Spinning the bullet improves accuracy

Why is this?

A bullet² which spins quickly as it travels through the air is more likely to stay on its intended course and not veer off wildly in some other direction. This is clearly a good thing, and a step up from the early days of firearms.

A spinning bullet works better for the same reason that a spinning top doesn’t fall over: the gyroscopic effect. Any little disturbance in the air, which would cause a non-spinning bullet to tumble wildly, turns a spinning bullet around a second axis instead, in a motion called precession:

Spinning bullets are so much like spinning tops that there’s a YouTube trend of wonderful idiots firing pistols into ice to see the bullets bounce out and behave like little spinning tops. I say “idiots” because this is not safe, and “wonderful” because it gives us this amazing phenomenon:

Bullets need to spin fast enough to keep them from “falling over” into the airflow (i.e. tumbling). You can see at the end of the clip above when it finally runs out of energy and topples. There’s no point in spinning them any faster than this, however, since it brings no extra benefit³. It takes energy to spin up the bullet (more on this below), so the spin rate is carefully selected to be just right.

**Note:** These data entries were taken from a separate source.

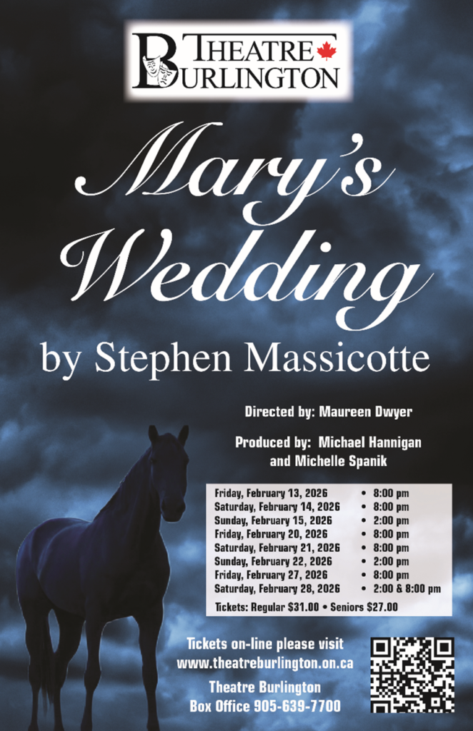 Around Valentine’s Day, people are always drawn towards love stories, new and old. Bumping into someone cute on the street, dating hijinks, long conversations, meeting the families, confronting rivals, and a wedding, always a wedding, at the end. In February 2026, Theatre Burlington on New Street will offer, as its first production of what is anticipated to be an eventful year of drama, a love story that weaves together true, tragic love with the process of grief, major historical events, poetry, and a bittersweet wedding. On February 13, 2026, the theatre will premiere its take on Canadian playwright Stephen Massicotte’s Mary’s Wedding, a poignant wartime tale that concerns two people who are, without a doubt, soulmates, but doomed to be separated by circumstances outside of their control. Tickets can be bought here.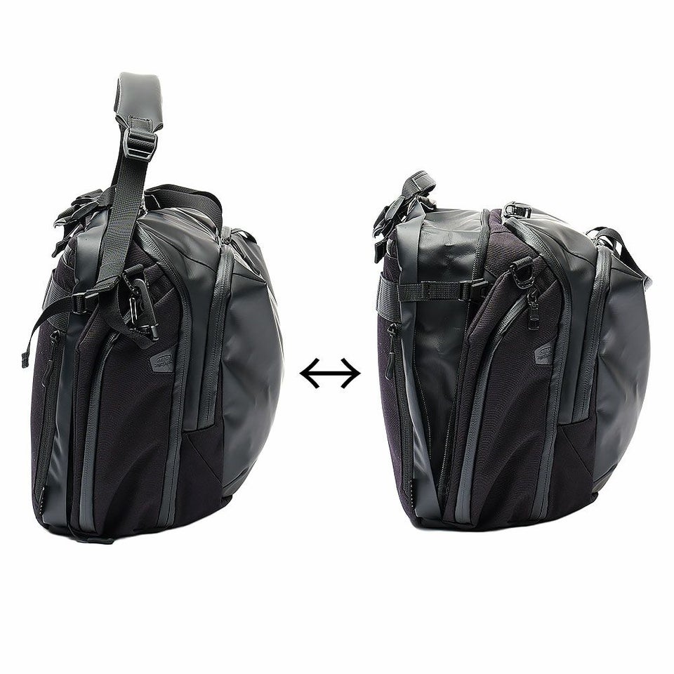 容量は通常18リットルから最大22リットルまで拡張可能。書類や衣類、ガジェットが増えても柔軟に対応でき、急な荷物の増加にも慌てず使えます。コンパクトさと収納力を両立した実用的な仕様です。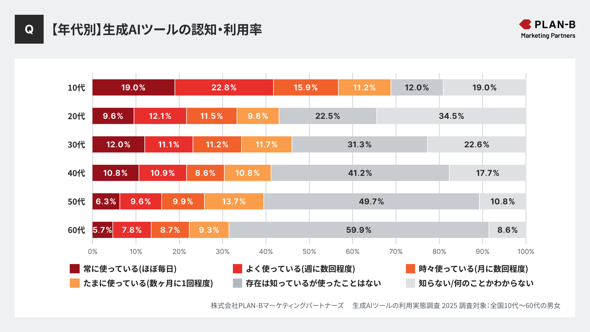株式会社ADKホールディングスと株式会社PLAN-Bが設立したジョイントベンチャー、株式会社PLAN-Bマーケティングパートナーズ(東京都品川区、代表取締役:鳥居本 真徳)は、全国の10代〜60代の男女4,000名を対象に「生成AIツールの利用実態調査」を実施しました。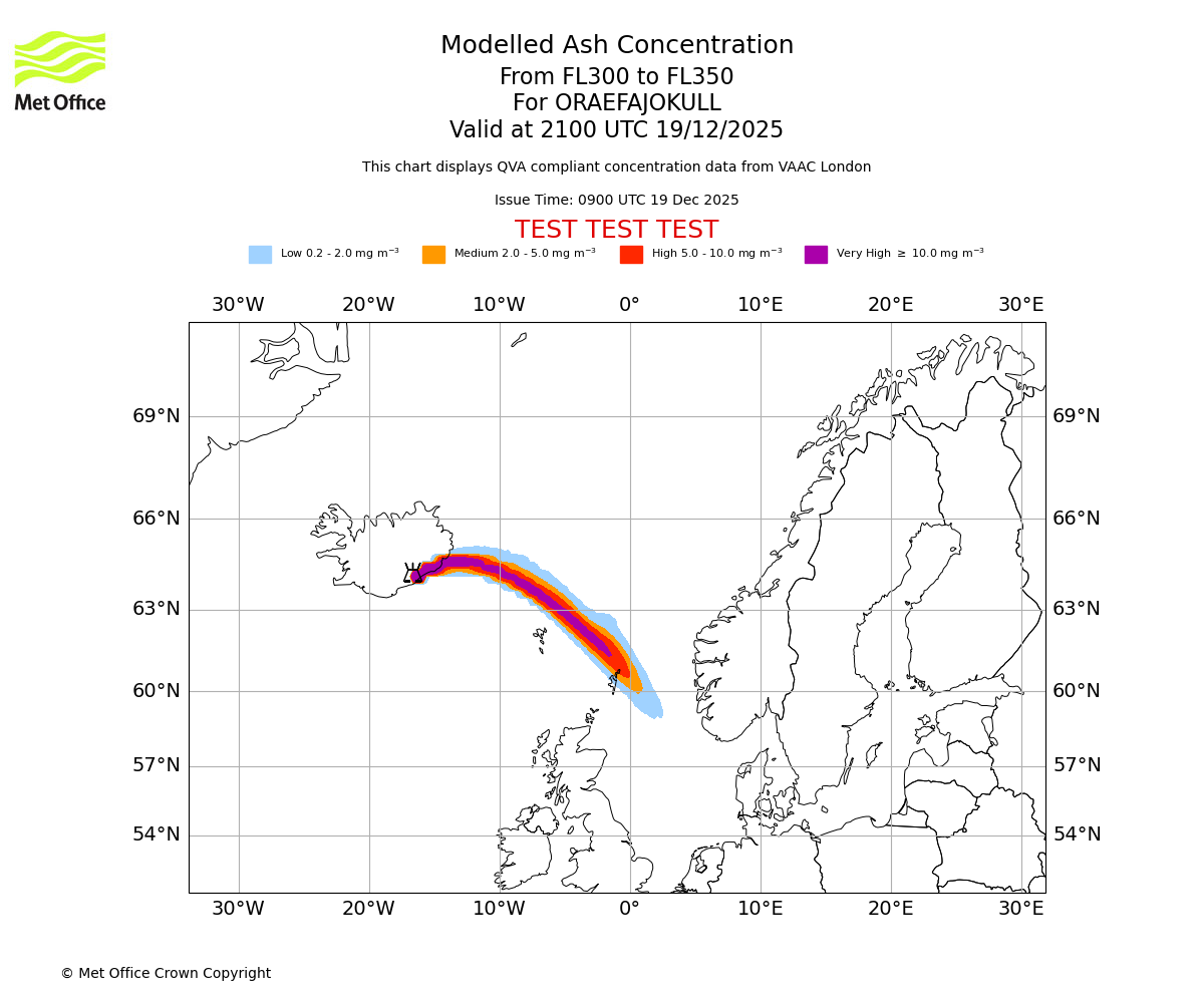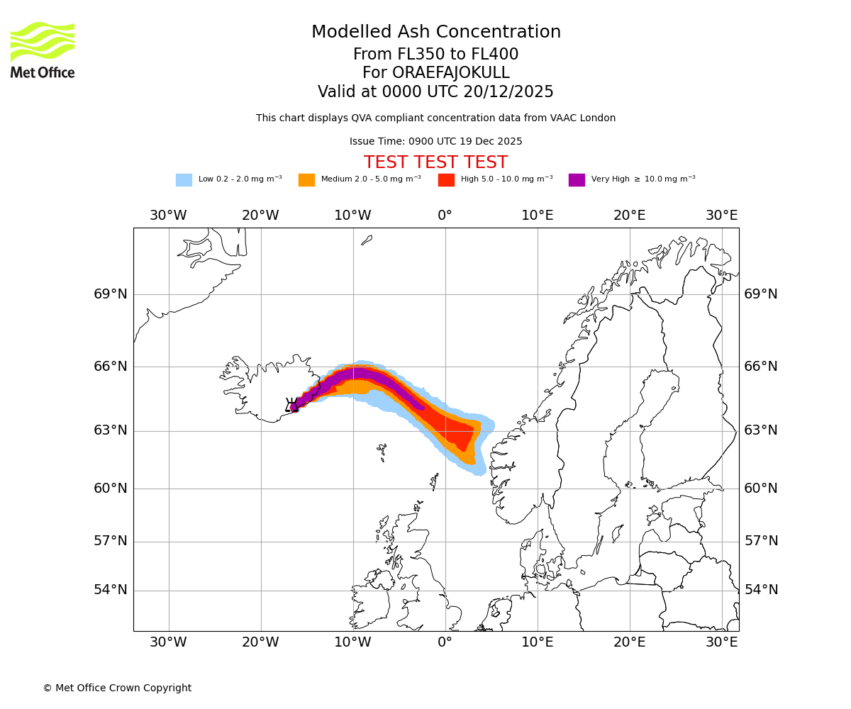 Modelled ash concentration from 350 to 400 for ORAEFAJOKULL. Valid at 2100 UTC 19/12/2025

How fast is this? It depends on the round and the design of the gun barrel, but spin rates of hundreds of thousands of RPM are common. This sounds fast (and it is), but a bullet itself is very fast, so the spin is pretty staid by comparison. This is yet another example of how everything to do with firearms stretches the bounds of human perception. See the video below, where the spin rate is just about visible before the bullet hits the wall:

The other notable thing about the video above is how the bullet is very clearly engraved with the marks caused by the rifling process. Let’s talk about this next.

How do we achieve spin?

Gun designers make bullets spin by engraving the inside of the barrel with grooves:

The bullet or shell is ever so slightly wider than the distance between the tops of the grooves, so they grip onto the projectile and make it spin as it accelerates down the barrel. This leaves discernible imprints on the soft copper jackets of a rifle round:

The imprint on the bullet will include any micro-imperfections in the gun barrel’s rifling. This means that bullets can be forensically matched to the gun barrel which fired them, or at least to the tool which made a series of barrels. This is just a consequence of rifling and spin-stabilisation, and is not a design feature of rifles.

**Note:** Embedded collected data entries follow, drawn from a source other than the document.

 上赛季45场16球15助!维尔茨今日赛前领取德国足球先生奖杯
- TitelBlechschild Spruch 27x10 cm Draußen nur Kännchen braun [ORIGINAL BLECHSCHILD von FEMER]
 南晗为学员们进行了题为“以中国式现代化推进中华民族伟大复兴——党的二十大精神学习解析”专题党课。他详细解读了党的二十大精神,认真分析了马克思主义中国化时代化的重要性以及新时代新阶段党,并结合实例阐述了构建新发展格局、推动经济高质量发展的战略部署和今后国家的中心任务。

Larger calibre projectiles get the spin treatment too, usually via a “driving band” made from copper or another soft material which engages in the gun’s rifling.

The band on bigger “bullets” illustrates the main problem with rifling: it puts high stresses on the projectile and causes extra friction which wastes that precious energy we’re trying to conserve. A single copper band instead of an entire copper jacket means less friction on the shell.

One solution to this problem is progressive twist rifling, i.e. a groove that starts with a very gradual twist and increases the twist angle until the end of the barrel.

The GAU-8 Avenger cannon used on the A-10 (a.k.a. the “BRRRT plane”) uses a progressive twist⁴. It’s complicated to manufacture barrels with a progressive twist, however, so it’s not a widely used technique.

If you want to be really radical, however, you can ditch rifling altogether. We’ll discuss that further down, but first, let’s look at some movie examples.

What do the movies say?

We’ve seen that spin is good, and rifling causes spin. As well as spin, bullets precess, i.e. their nose rotates around a fixed point in front. This precession also has a second-order wobble on top of itself called nutation. If we slowed down time and put a light trail on the tip of the bullet, it would draw a path something like this:

This is something which, as you might expect, Hollywood doesn’t always get. Sometimes we don’t see any spin at all⁵…

…and other times, we see far too much⁶:

Other times, we see some faint traces in the animation which sort of count:⁷

And sometimes we get to see the spin, along with some wonderfully unrealistic bullet curving:

What we don’t see, because admittedly it would be more difficult to animate⁸, is the wobbling of the bullet as it travels and spins. It would make for a cool shot though. Then, if the filmmakers wanted to get graphic, they could show a bullet starting to tumble just before it hit someone, for maximum damage.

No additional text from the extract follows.